▸ **Task directions**
From the entries below, gather every line containing the string "Foil".

[[ Available data open ]]

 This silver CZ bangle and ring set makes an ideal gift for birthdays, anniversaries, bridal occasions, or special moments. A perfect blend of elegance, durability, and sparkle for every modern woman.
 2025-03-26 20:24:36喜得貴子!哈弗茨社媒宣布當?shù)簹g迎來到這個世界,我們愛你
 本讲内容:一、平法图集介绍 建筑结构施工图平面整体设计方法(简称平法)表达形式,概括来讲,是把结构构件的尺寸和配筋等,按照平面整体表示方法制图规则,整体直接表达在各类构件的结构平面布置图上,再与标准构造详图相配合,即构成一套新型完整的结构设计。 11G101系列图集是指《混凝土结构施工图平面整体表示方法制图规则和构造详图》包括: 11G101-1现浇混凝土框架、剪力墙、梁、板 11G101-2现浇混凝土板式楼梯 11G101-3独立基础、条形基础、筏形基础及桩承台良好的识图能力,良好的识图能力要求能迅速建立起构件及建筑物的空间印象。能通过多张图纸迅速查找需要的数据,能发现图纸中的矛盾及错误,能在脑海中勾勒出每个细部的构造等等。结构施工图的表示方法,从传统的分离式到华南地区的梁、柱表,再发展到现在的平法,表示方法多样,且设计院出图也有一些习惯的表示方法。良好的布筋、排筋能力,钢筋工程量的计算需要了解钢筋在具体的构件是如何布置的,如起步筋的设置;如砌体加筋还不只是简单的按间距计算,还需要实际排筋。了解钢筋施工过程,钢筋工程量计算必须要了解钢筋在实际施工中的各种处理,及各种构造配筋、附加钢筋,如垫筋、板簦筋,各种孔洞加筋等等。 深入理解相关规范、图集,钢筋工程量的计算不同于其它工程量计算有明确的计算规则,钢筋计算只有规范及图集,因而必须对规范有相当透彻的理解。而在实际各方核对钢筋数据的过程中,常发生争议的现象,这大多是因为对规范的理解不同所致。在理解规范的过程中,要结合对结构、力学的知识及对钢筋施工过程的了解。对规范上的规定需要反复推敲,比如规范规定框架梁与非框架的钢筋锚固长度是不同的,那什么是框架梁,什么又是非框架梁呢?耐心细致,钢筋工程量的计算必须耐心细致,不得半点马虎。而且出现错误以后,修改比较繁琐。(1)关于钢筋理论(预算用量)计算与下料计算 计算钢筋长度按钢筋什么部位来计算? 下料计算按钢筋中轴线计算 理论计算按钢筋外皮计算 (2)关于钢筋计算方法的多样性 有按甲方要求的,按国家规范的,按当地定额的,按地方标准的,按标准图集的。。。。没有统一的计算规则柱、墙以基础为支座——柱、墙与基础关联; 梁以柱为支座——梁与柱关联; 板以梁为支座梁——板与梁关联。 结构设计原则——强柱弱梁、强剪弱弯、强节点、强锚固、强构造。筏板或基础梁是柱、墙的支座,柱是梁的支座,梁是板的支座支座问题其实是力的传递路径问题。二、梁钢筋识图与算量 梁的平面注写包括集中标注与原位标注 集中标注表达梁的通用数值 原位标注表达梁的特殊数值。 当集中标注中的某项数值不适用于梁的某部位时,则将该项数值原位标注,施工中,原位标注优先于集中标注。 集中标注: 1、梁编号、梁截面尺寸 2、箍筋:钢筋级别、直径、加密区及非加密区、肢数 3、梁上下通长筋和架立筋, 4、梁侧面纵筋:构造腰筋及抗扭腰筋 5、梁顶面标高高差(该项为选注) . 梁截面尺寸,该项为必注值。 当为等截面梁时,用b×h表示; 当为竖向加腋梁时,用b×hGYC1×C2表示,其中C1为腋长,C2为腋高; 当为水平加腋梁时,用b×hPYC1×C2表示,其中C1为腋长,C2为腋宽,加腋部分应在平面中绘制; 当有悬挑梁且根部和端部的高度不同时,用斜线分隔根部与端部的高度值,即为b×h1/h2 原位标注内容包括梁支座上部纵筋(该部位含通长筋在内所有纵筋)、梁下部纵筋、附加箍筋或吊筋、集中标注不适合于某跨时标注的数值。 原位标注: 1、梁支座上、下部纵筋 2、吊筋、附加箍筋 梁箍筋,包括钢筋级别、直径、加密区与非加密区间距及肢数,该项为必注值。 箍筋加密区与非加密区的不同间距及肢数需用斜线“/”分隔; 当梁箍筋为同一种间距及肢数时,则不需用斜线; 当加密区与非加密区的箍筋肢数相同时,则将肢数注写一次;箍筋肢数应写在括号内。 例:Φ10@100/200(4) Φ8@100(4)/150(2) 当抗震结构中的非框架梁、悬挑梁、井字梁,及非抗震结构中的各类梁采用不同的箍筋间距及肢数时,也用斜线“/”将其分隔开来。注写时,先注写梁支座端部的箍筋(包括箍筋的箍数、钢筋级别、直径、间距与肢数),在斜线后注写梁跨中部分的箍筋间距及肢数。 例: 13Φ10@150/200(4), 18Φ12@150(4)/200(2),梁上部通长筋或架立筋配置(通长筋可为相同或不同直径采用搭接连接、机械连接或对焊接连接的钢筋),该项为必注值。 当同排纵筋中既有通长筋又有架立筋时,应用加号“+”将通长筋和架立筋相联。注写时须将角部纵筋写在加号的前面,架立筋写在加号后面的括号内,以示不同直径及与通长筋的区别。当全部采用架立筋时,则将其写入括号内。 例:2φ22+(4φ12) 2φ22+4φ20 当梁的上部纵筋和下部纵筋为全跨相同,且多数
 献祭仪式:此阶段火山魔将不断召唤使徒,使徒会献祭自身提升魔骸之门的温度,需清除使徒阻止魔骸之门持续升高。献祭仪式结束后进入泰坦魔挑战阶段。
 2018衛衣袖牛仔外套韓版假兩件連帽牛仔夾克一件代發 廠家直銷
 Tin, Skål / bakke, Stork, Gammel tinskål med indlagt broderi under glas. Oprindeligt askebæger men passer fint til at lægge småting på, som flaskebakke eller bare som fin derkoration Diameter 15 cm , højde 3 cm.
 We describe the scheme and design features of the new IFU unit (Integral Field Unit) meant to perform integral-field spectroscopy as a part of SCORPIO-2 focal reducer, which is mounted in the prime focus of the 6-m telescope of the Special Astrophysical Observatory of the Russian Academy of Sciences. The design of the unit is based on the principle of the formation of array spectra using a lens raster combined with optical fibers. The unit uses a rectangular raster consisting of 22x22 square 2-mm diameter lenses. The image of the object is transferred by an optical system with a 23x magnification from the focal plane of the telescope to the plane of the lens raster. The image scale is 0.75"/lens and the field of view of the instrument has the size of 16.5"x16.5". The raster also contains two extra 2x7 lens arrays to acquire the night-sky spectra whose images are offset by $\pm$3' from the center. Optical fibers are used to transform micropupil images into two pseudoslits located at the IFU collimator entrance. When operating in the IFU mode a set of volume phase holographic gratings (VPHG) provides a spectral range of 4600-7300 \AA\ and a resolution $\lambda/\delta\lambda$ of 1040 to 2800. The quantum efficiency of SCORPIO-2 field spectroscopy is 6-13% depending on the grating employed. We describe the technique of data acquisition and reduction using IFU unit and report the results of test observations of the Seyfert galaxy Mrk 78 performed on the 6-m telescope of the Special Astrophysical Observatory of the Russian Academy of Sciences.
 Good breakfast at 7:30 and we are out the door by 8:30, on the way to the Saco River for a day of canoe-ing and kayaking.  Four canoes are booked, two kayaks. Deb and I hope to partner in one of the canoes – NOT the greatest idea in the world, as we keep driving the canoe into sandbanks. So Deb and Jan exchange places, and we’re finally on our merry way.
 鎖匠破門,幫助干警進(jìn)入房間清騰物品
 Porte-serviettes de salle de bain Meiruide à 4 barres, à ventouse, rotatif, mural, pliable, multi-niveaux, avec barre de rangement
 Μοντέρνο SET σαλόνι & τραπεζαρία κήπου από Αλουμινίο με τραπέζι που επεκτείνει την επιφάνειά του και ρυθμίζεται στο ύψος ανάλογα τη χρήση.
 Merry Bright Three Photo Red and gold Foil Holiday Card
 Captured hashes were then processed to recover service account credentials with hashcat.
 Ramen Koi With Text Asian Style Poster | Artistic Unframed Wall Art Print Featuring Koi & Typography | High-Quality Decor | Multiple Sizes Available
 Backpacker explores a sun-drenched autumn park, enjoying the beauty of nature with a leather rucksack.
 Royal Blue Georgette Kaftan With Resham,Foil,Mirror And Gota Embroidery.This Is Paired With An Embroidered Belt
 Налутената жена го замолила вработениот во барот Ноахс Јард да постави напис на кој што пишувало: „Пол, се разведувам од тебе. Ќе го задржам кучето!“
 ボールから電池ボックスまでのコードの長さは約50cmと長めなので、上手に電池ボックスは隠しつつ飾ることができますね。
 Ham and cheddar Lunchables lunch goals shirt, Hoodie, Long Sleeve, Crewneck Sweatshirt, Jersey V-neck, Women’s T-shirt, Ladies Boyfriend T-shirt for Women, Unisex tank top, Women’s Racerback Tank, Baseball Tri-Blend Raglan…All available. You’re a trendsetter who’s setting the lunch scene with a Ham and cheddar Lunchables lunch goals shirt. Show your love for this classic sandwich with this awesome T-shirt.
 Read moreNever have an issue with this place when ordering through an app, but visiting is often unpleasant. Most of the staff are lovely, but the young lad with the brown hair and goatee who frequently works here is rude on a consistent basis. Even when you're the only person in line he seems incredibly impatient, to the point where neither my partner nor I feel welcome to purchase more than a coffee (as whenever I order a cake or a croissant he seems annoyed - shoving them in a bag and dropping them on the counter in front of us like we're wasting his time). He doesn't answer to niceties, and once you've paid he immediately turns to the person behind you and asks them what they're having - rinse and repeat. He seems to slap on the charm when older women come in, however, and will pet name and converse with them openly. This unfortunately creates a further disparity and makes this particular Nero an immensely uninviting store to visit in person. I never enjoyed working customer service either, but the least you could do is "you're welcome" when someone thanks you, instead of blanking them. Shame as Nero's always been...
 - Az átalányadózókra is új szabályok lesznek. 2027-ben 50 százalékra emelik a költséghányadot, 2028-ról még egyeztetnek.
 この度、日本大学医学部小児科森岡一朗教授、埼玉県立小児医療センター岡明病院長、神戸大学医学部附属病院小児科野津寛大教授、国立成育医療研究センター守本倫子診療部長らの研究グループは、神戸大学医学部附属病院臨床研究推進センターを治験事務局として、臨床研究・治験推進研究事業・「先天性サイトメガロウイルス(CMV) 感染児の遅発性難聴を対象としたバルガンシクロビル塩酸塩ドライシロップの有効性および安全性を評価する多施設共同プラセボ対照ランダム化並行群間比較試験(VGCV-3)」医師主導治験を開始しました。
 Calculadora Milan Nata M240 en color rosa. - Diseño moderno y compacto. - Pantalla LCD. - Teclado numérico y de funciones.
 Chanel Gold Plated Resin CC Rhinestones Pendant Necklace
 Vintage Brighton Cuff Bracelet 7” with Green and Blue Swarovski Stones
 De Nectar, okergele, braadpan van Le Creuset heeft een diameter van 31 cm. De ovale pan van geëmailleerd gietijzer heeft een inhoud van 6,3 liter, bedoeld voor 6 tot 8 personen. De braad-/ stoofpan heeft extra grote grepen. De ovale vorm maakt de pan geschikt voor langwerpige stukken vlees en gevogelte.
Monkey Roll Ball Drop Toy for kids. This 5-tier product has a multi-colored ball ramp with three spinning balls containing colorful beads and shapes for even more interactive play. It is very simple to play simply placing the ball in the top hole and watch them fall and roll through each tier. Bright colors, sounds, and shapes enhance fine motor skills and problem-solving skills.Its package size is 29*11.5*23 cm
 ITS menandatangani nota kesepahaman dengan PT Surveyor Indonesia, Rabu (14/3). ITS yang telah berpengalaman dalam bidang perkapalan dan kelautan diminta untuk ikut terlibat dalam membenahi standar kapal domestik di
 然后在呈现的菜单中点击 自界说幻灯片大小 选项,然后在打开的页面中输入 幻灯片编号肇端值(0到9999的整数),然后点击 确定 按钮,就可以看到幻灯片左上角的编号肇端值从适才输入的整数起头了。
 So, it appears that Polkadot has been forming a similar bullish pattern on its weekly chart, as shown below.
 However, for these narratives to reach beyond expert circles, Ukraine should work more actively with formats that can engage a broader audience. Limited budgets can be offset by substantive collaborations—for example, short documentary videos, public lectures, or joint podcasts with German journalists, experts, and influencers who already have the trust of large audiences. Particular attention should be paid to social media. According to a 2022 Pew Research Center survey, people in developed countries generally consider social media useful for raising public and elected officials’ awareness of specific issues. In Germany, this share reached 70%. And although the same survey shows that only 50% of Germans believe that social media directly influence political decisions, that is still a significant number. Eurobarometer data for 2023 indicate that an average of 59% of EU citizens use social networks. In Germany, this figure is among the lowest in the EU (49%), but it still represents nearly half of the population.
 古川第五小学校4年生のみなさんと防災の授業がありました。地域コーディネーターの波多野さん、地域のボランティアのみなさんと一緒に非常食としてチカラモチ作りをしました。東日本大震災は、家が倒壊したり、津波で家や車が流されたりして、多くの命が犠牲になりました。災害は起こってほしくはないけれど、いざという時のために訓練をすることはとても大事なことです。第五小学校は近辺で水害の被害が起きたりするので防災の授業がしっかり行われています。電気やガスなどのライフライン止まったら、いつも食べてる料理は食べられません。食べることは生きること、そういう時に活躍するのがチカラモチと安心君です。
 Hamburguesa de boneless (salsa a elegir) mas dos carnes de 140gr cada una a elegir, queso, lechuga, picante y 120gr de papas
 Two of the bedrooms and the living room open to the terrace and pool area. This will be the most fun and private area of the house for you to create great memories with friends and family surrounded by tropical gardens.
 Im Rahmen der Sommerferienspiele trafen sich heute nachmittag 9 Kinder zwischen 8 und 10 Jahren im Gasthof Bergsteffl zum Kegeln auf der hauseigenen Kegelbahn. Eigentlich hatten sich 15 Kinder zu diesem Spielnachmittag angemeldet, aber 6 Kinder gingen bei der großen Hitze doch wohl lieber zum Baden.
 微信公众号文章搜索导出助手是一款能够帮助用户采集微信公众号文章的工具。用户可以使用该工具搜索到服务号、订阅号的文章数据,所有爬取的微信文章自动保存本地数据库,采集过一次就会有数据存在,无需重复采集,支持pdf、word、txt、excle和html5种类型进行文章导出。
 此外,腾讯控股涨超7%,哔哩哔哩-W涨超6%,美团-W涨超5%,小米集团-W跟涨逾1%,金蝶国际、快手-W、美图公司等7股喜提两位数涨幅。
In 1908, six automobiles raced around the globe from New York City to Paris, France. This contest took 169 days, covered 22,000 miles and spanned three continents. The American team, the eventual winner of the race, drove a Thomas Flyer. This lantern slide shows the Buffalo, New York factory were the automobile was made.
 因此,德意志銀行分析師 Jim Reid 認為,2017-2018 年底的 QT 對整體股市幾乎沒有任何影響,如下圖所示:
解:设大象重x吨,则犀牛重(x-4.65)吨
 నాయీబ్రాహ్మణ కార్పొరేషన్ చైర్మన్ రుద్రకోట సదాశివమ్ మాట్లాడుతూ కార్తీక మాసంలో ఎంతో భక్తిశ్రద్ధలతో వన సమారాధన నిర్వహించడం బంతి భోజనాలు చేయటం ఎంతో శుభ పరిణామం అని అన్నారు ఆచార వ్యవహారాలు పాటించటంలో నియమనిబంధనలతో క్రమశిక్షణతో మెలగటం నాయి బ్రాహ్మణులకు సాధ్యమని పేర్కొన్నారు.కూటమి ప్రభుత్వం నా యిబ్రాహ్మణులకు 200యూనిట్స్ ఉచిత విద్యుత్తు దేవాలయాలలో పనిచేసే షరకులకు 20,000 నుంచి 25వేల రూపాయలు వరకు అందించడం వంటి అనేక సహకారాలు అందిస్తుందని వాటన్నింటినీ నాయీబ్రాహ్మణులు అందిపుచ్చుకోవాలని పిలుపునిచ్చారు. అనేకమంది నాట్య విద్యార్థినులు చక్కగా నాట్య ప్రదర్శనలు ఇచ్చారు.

[[ Available data closed ]]

▸ **Output**
 Merry Bright Three Photo Red and gold Foil Holiday Card
 Royal Blue Georgette Kaftan With Resham,Foil,Mirror And Gota Embroidery.This Is Paired With An Embroidered Belt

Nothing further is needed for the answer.